Stored data:
....

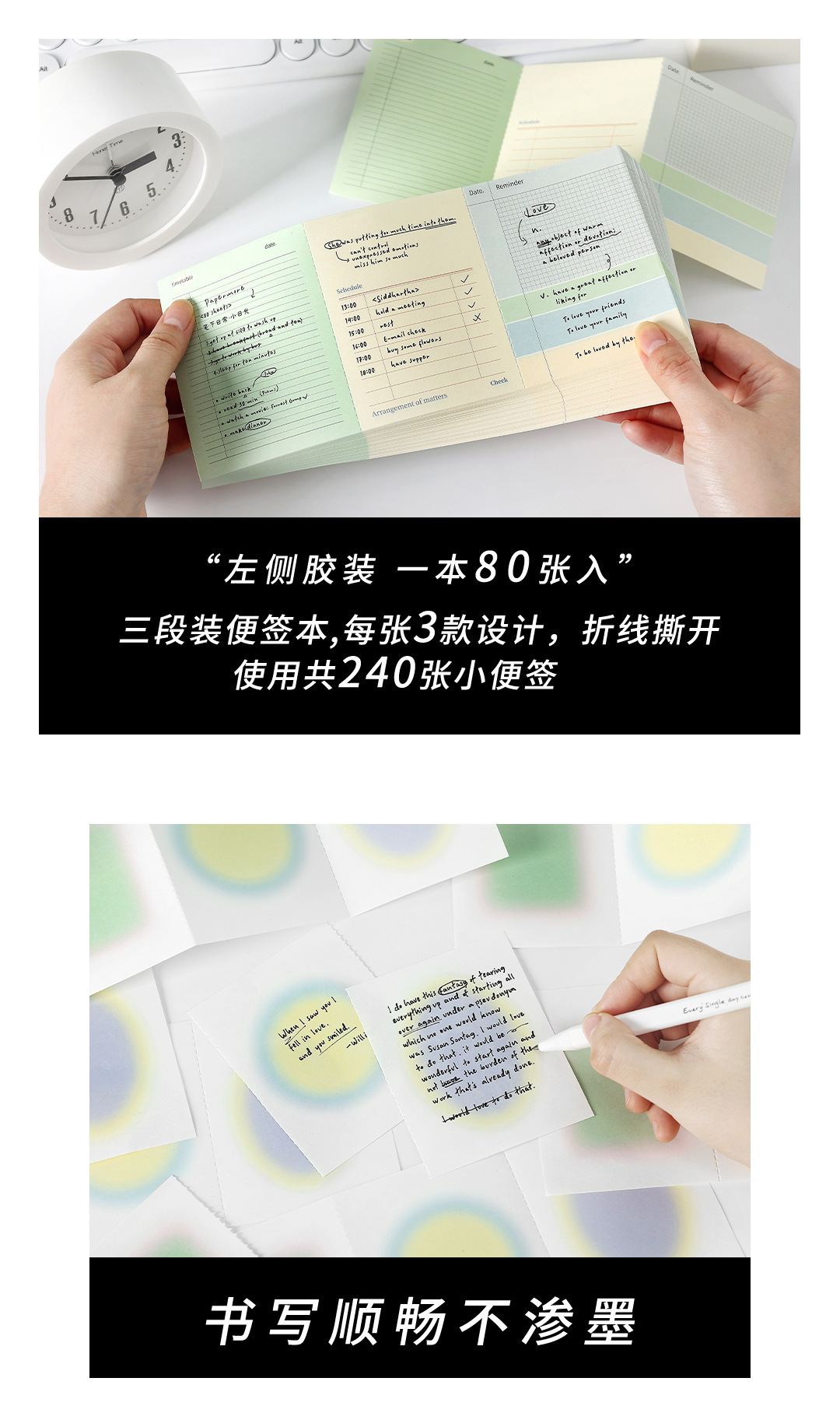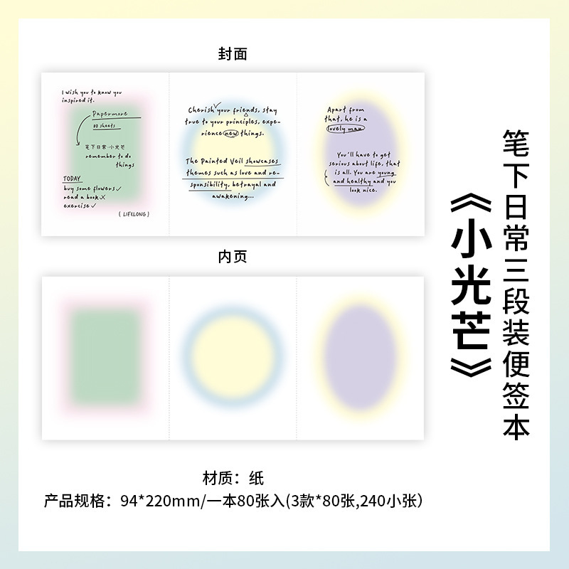 PaperMore 3 섹션 노트 북 Daily Series 미니 창조적 인 눈물을 흘리는 학생 메시지 종이 접착제 책
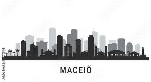 Macei Brazil Skyline with Cityscape, and Vector Illustration.
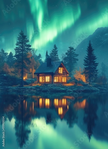 Fototapeta premium Illuminated Cabin Reflects in Still Lake Under Aurora Borealis
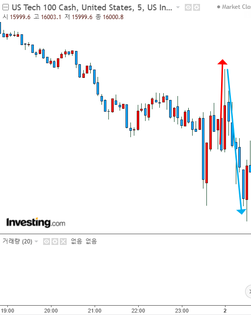 시장은 파월의 위 발언을 듣고 순간적으로 공포감을 강하게 드러냈습니다만 파월은 이내 발톱을 숨기고 비둘기가 돼버렸습니다.
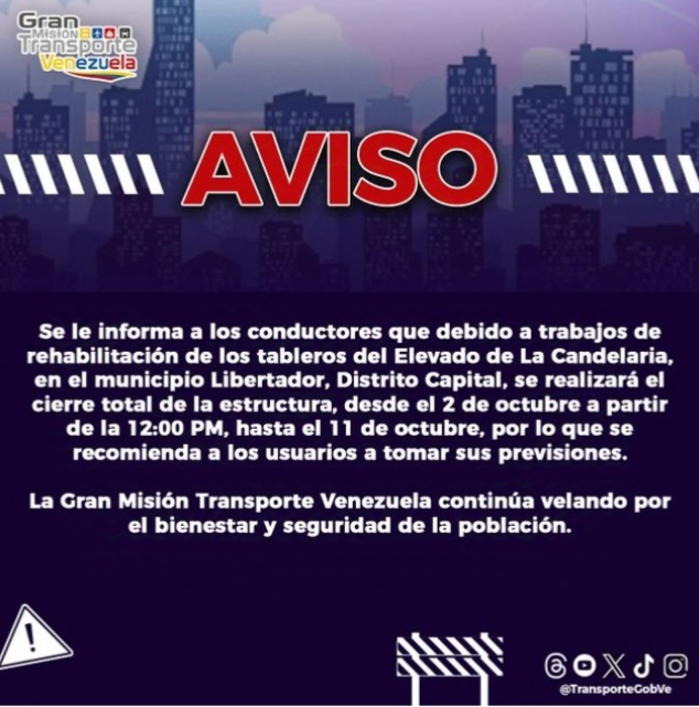 El Ministerio para el Transporte informó que el elevado de La Candelaria, en Caracas, estará cerrado totalmente por trabajos de mantenimiento desde el 2 hasta el 11 de octubre.
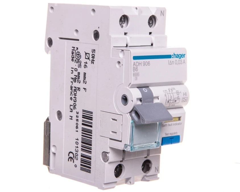 Wyłącznik różnicowo-nadprądowy RCBO 2P B6A 0,03A Typ A ADH906
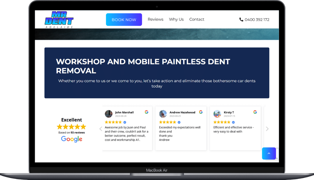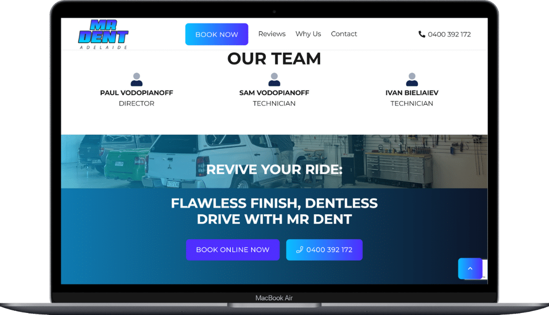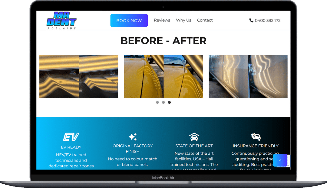 Mr Dent Adelaide partnered with Warren Digital to create a streamlined, professional website that reflects the precision and care behind their paintless dent repair services.
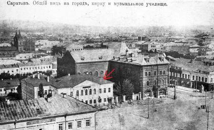 | Keywords: Fuersorgekontor1917.jpg ru Общий вид Са атов Слева от музыкального училища - бывшая конто а опекунства иност анных поселенцев 1917 Почтовая отк ытка 1917 года Postcard from 1917 author Custom license marker 2012 03 21 PD-Russia-2008 PD-US-1923 Uploaded with UploadWizard History of Saratov |
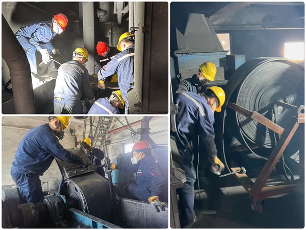 | 陽極分公司成型車間返回料#1斗式提升機從階段性試運行到持續(xù)生產(chǎn)已有9年之久,連接部位積料和銹蝕問題逐漸顯現(xiàn),主動輥滾筒及皮帶磨損程度也已達到更換標準。近期,結合工作實際和設備檢修計劃,車間決定對#1斗式提升機進行全面維修。 此次返回料斗式提升機維修強度高、難度大,分公司相關職能部門及車間高度重視,成立檢維修工作小組,商討制定維修方案和應急預案,隨著備品備件的逐步到廠,維修工作如期展開。維修過程中,檢修班組和生產(chǎn)班組協(xié)同配合,從拆卸固定螺栓、清理積累物料到對拆下部件進行標記分類擺放、備品備件有序更換安裝,維修人員精心操作、規(guī)范作業(yè),確保每道工序有條不紊、高效完成。特別是在手動盤車更換80米皮帶過程中,檢修人員結合現(xiàn)場實際自主設計制作適用工具,有效推進了更換進度。經(jīng)過為期5天的不懈努力,于4月12日按計劃完成維修更換工作,設備運行調試正常后將投入生產(chǎn)。 此次檢修工作,不僅徹底消缺了該設備存在的問題,也有效保證了后期車間生產(chǎn)工作的持續(xù)穩(wěn)定。今后工作中,成型車間將持續(xù)做好設備隱患排查治理,確保設備安全高效穩(wěn)定運行。 |
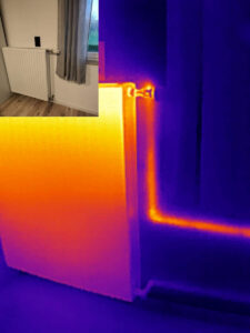 Ergebnis: Bei laufender Heizung sind die Rohre klar als warme Linien sichtbar. Die Auflösung reicht, um den Verlauf auf ca. 5cm genau zu bestimmen. Bei ausgeschalteter Heizung: nichts zu sehen – die Kamera braucht einen Temperaturunterschied zum Hintergrund.
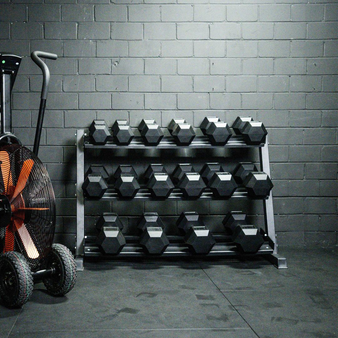 Storage is also important! Although one of the benefits of owning your home gym is being able to leave whatever weights you want lying around, we think a clean and organised home just hits differently.Β
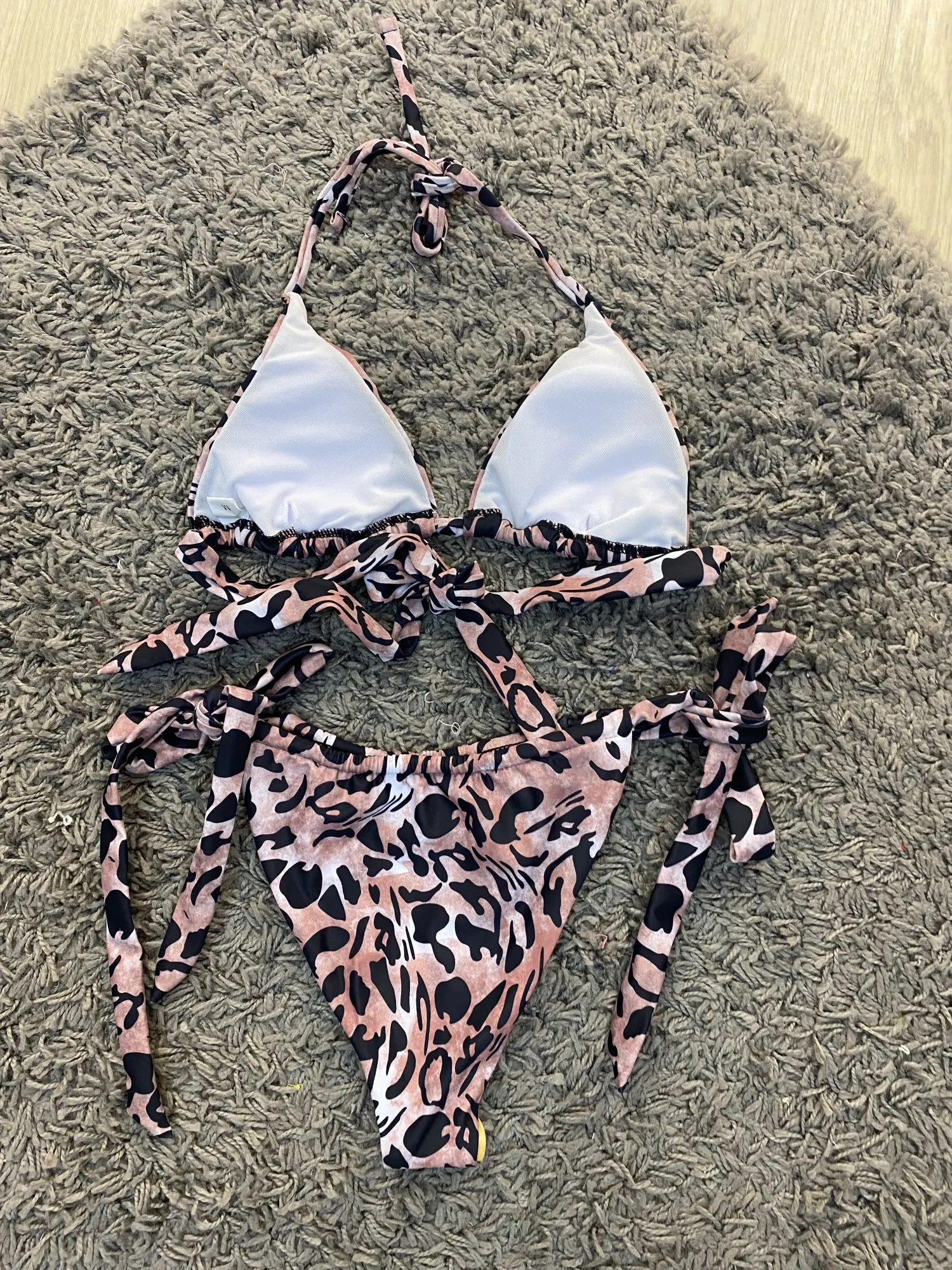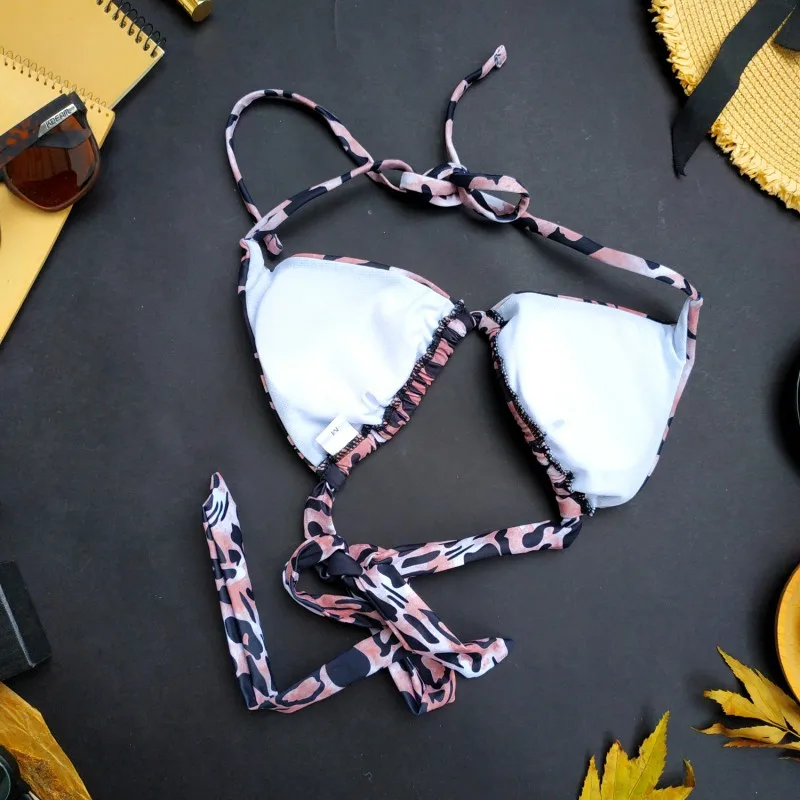 Леопардовый комплект бикини 2022, пляжный купальный костюм на шнуро...
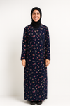 Çiçek Desenli Kruvaze Namaz Elbisesi – %100 Viskon, Yandan Bağlamalı 36-46 Beden
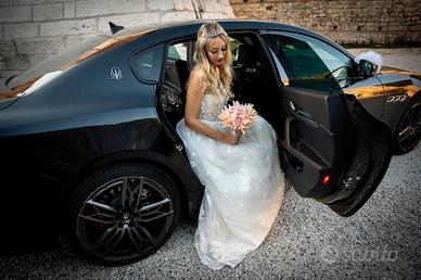 Abito sartoriale da sposa in tulle ricamato, molto elegante, semplice ma sensuale. Il corpetto è cucito a mano, come nuovo, indossato solo per le foto, volendo si può realizzare il velo e anche maniche staccabile. Scontato 50 %
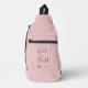 A minimal pink sling bag with a pink arrow on the bottom where above that you can personalise it with a logo, name or letter or just keep as is with the phrase "Girl Boss". Modern girly theme.
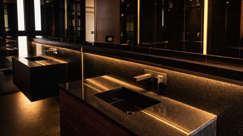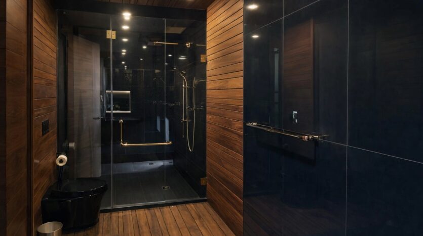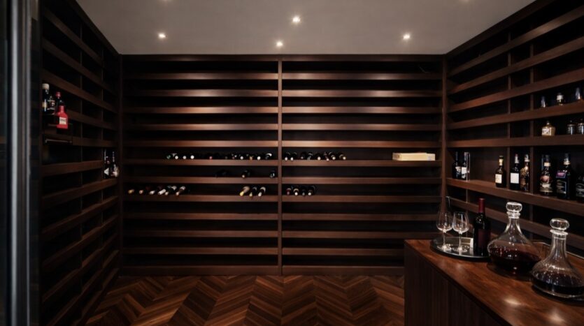 Una escalera escultórica de doble nivel en madera natural con iluminación indirecta, acompañada por una espectacular pecera integrada, que transforma el recorrido entre ambos niveles en una experiencia visual viva y completamente fuera de lo convencional.
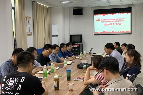 5月(yuè)22日下(xià)午,時代數媒科技(jì)股份有限公司黨支部與安徽大學新聞傳播學院教工(gōng)黨支部開(kāi)展了“以黨建促發展”為(wèi)主題的聯合黨日活動。
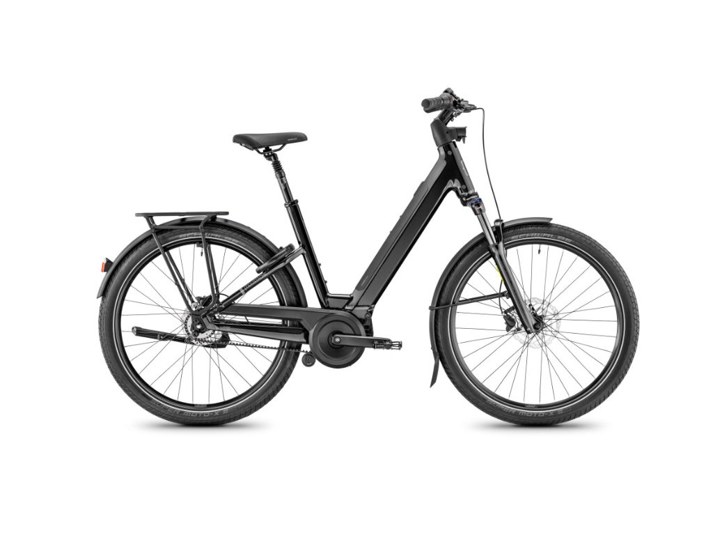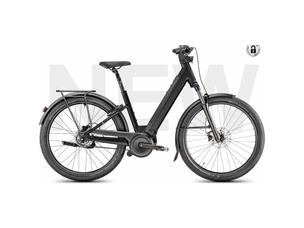 Samozřejmostí je plná výbava včetně nosiče MIK HD, blatníků, AXA zámku a systému Blok + Moustache Protect Option, který zajišťuje bezpečnost a praktičnost pro každodenní použití.

....

▸ Your objective
From the opening line of the entries above to the line containing "Wyłącznik różnicowo-nadprądowy RCBO", please transcribe each line exactly, skipping every picture.

▸ Completed task
 PaperMore 3 섹션 노트 북 Daily Series 미니 창조적 인 눈물을 흘리는 학생 메시지 종이 접착제 책
 Macei Brazil Skyline with Cityscape, and Vector Illustration.
 Fototapeta premium Illuminated Cabin Reflects in Still Lake Under Aurora Borealis
 시장은 파월의 위 발언을 듣고 순간적으로 공포감을 강하게 드러냈습니다만 파월은 이내 발톱을 숨기고 비둘기가 돼버렸습니다.
 El Ministerio para el Transporte informó que el elevado de La Candelaria, en Caracas, estará cerrado totalmente por trabajos de mantenimiento desde el 2 hasta el 11 de octubre.
 Wyłącznik różnicowo-nadprądowy RCBO 2P B6A 0,03A Typ A ADH906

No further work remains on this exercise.